■ WORK INSTRUCTIONS ■
Leave the images out. Give every line below again, precisely.

■ GIVEN MATERIAL ■
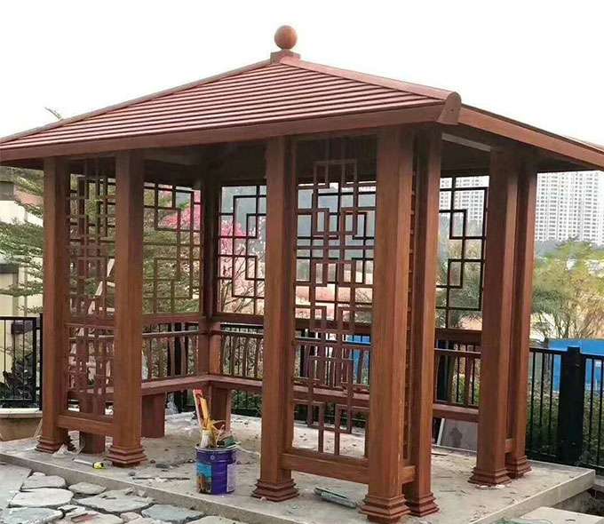 厦门波涛现代农业开发有限公司凉亭系列产品是采用高强度铝合金为原材料,经酸洗铬化,电泳或静电喷涂,木纹转印处理后,精密定制设计,保障安装。它具有防水防潮,不膨胀不变形,防腐蚀,具有逼真的木质感。成为别墅住宅及市政园林等建筑美丽的风景。
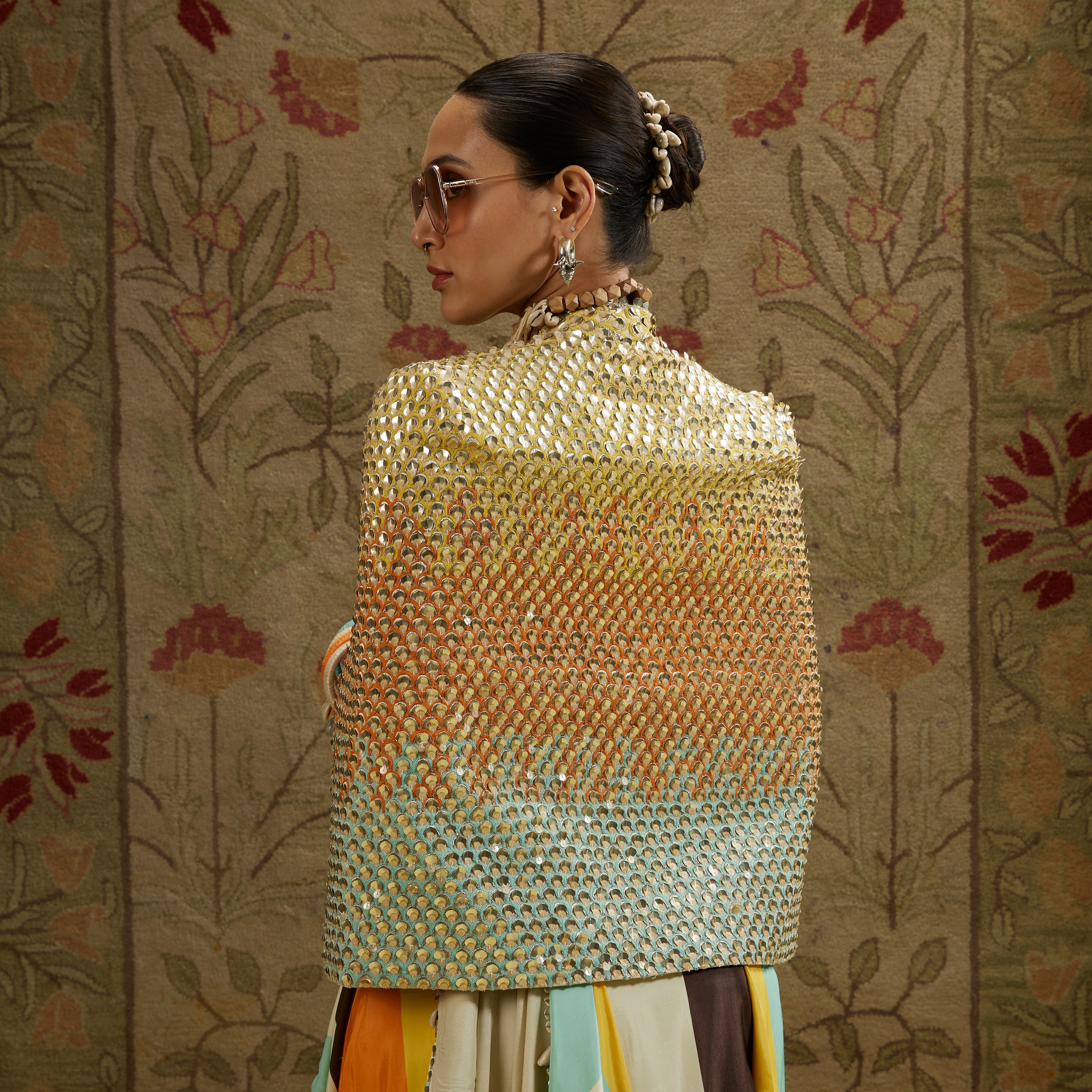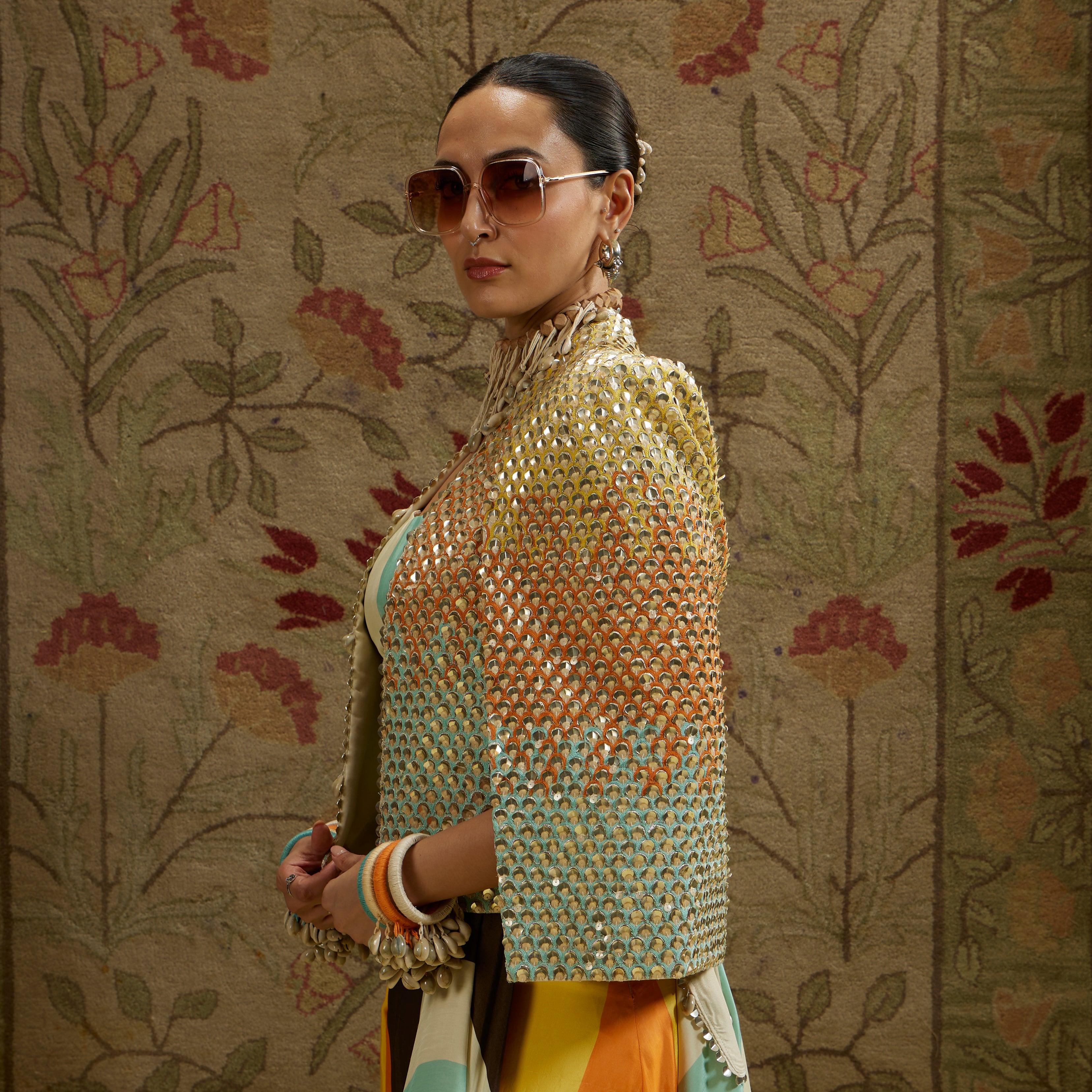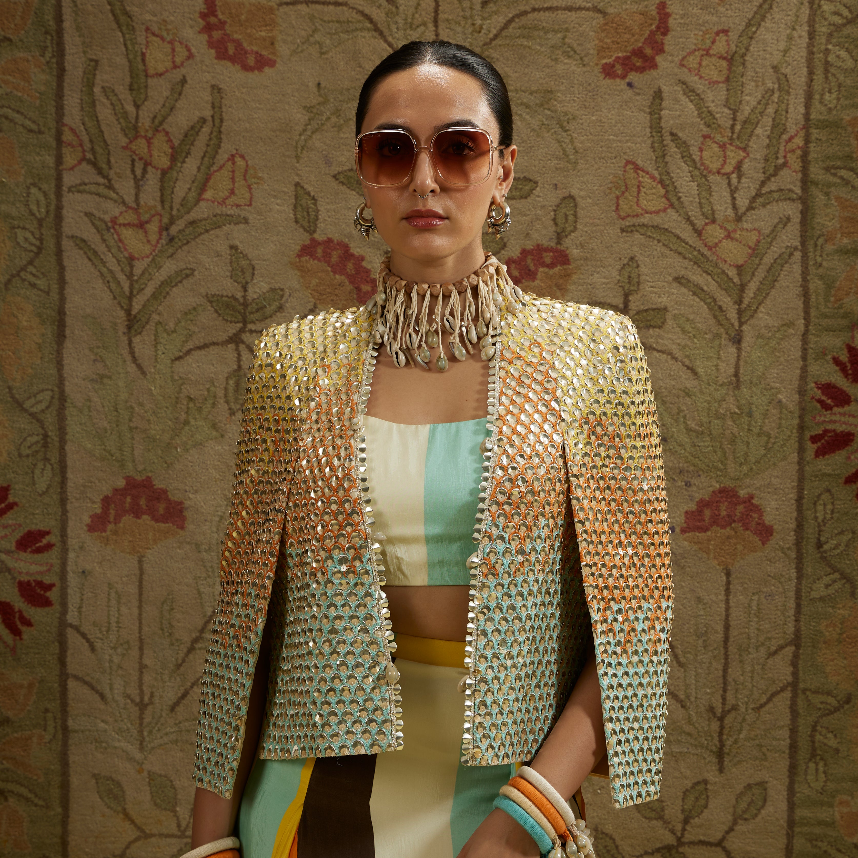 MULTI COLORED METALLIC NOOR JACKET PAIRED WITH STRIPE PRINTED BUSTIER AND SKIRT
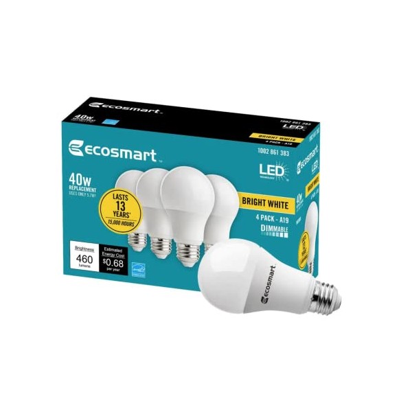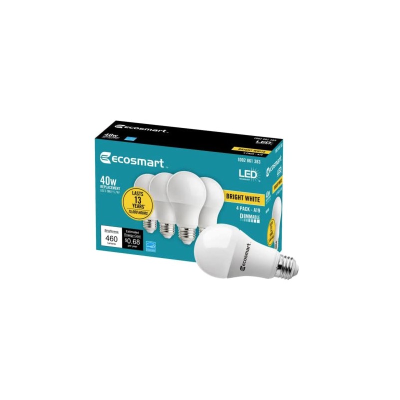EcoSmart 40-Watt Equivalent A19 Dimmable Energy Star LED Light Bulb Bright White (4-Pack)
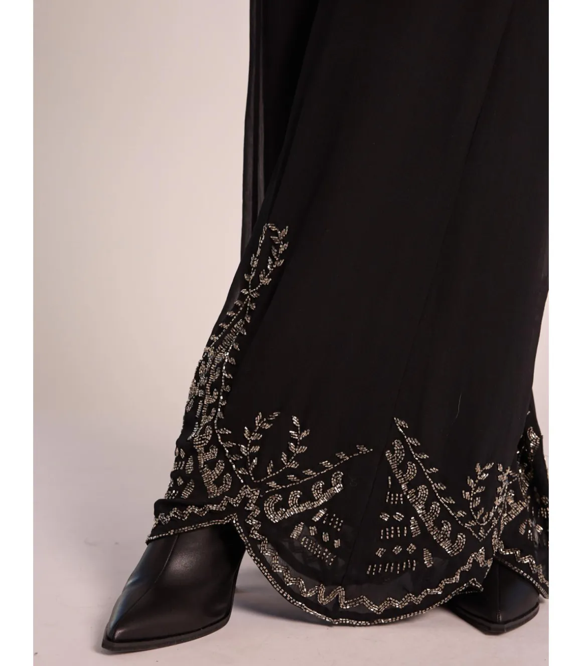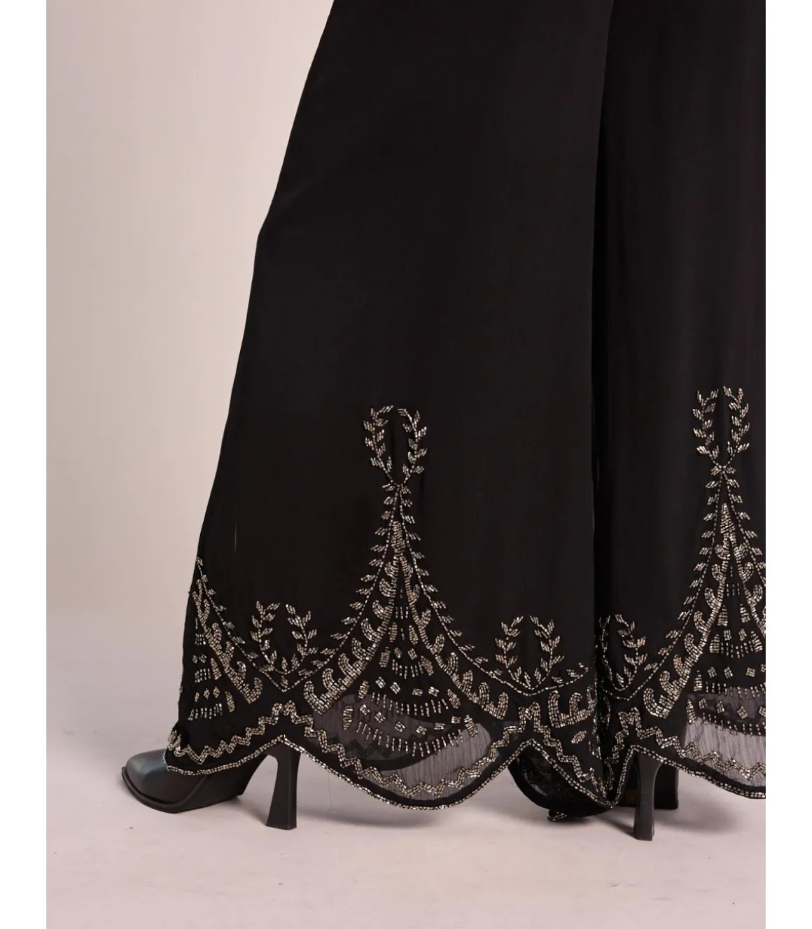 Pantalón largo de mujer, confeccionado en poliéster con detalles bordados en hilo metalizado. Tiro alto con cintura el…

■ SOLUTION TO THIS TASK ■
 厦门波涛现代农业开发有限公司凉亭系列产品是采用高强度铝合金为原材料,经酸洗铬化,电泳或静电喷涂,木纹转印处理后,精密定制设计,保障安装。它具有防水防潮,不膨胀不变形,防腐蚀,具有逼真的木质感。成为别墅住宅及市政园林等建筑美丽的风景。
 MULTI COLORED METALLIC NOOR JACKET PAIRED WITH STRIPE PRINTED BUSTIER AND SKIRT
EcoSmart 40-Watt Equivalent A19 Dimmable Energy Star LED Light Bulb Bright White (4-Pack)
 Pantalón largo de mujer, confeccionado en poliéster con detalles bordados en hilo metalizado. Tiro alto con cintura el…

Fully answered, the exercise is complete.